Put / Write (Mandatory) - lets you upload your items
directly to the external storage from the Dataloop platform.
Delete - lets you delete your items directly from the external storage using the Dataloop platform.

1.2. Create Integration With GCS¶

1.2.1. Creating an integration GCS requires having JSON file with GCS configuration.¶

import dtlpy as dl
if dl.token_expired():
    dl.login()
organization = dl.organizations.get(organization_name=org_name)
with open(r"C:\gcsfile.json", 'r') as f:
    gcs_json = json.load(f)
gcs_to_string = json.dumps(gcs_json)
organization.integrations.create(name='gcsintegration',
                                 integrations_type=dl.ExternalStorage.GCS,
                                 options={'key': '',
                                          'secret': '',
                                          'content': gcs_to_string})

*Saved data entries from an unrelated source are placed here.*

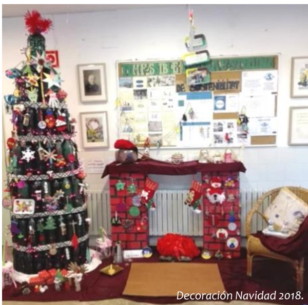
Decoración Navidad 2018.

Gandhi dijo: “Debemos convertirnos en el cambio que buscamos en el mundo” .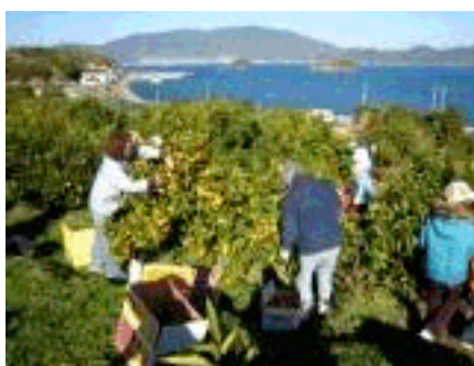
みかんのオーナーによる収穫作業

また、集落内での話し合い活動を続け、非農家を含めた集落全体での水路・農道の整備や鳥獣害防止活動を行っている。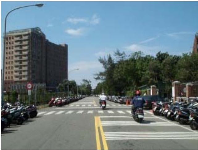
圖 5 民國八十九年舟山路景象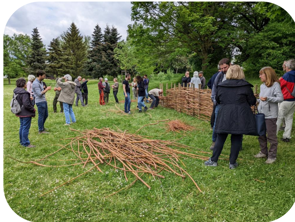
Chantier participatif – création haie sèche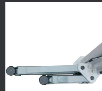
04 前摇臂可以180度旋转, 增加了顶车区域, 轻松举升长、短轴距汽车。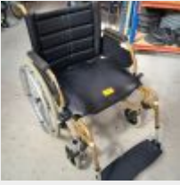
Lot n° 46 Fauteuil roulant manuel ECLIPS ECL55 (prix de vente 1370€ TTC) Mise à prix : 400€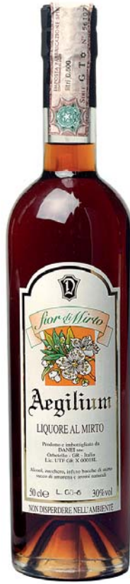
fior di Mirto LIQUORE AL MIRTO

1.2.2. Create Integration With S3¶

import dtlpy as dl
if dl.token_expired():
    dl.login()
organization = dl.organizations.get(organization_name='my-org')
organization.integrations.create(name='S3integration', integrations_type=dl.ExternalStorage.S3,
                                 options={'key': "my_key", 'secret': "my_secret"})

1.2.3. Create Integration With Azure¶

import dtlpy as dl
if dl.token_expired():
    dl.login()
organization = dl.organizations.get(organization_name='my-org')
organization.integrations.create(name='azureintegration',
                                 integrations_type=dl.ExternalStorage.AZUREBLOB,
                                 options={'key': 'my_key',
                                          'secret': 'my_secret',
                                          'clientId': 'my_clientId',
                                          'tenantId': 'my_tenantId'})

1.3. Storage Driver¶

Once you have an integration, you can set up a driver, which adds a specific bucket (and optionally with a specific
path/folder) as a storage resource.

1.4. Create Drivers in the Platform (browser)¶

# param name: the driver name
# param driver_type: ExternalStorage.S3, ExternalStorage.GCS , ExternalStorage.AZUREBLOB
# param integration_id: the integration id
# param bucket_name: the external bucket name
# param project_id:
# param allow_external_delete:
# param region: relevant only for s3 - the bucket region
# param storage_class: relevant only for s3
# param path: Optional. By default, path is the root folder. Path is case sensitive.
# return: driver object
import dtlpy as dl
project = dl.projects.get('prject_name')
driver = project.drivers.create(name='driver_name',
                                driver_type=dl.ExternalStorage.S3,
                                integration_id='integration_id',
                                bucket_name='bucket_name',
                                allow_external_delete=True,
                                region='eu-west-1',
                                storage_class="",
                                path="")

Once the integration and drivers are ready, you can create a Dataloop Datsaset and sync all the data:

# create a dataset from a driver name, you can also create by the driver ID
import dtlpy as dl
project: dl.Project
dataset = project.datasets.create(dataset_name=dataset_name,
                                  driver=driver)
dataset.sync()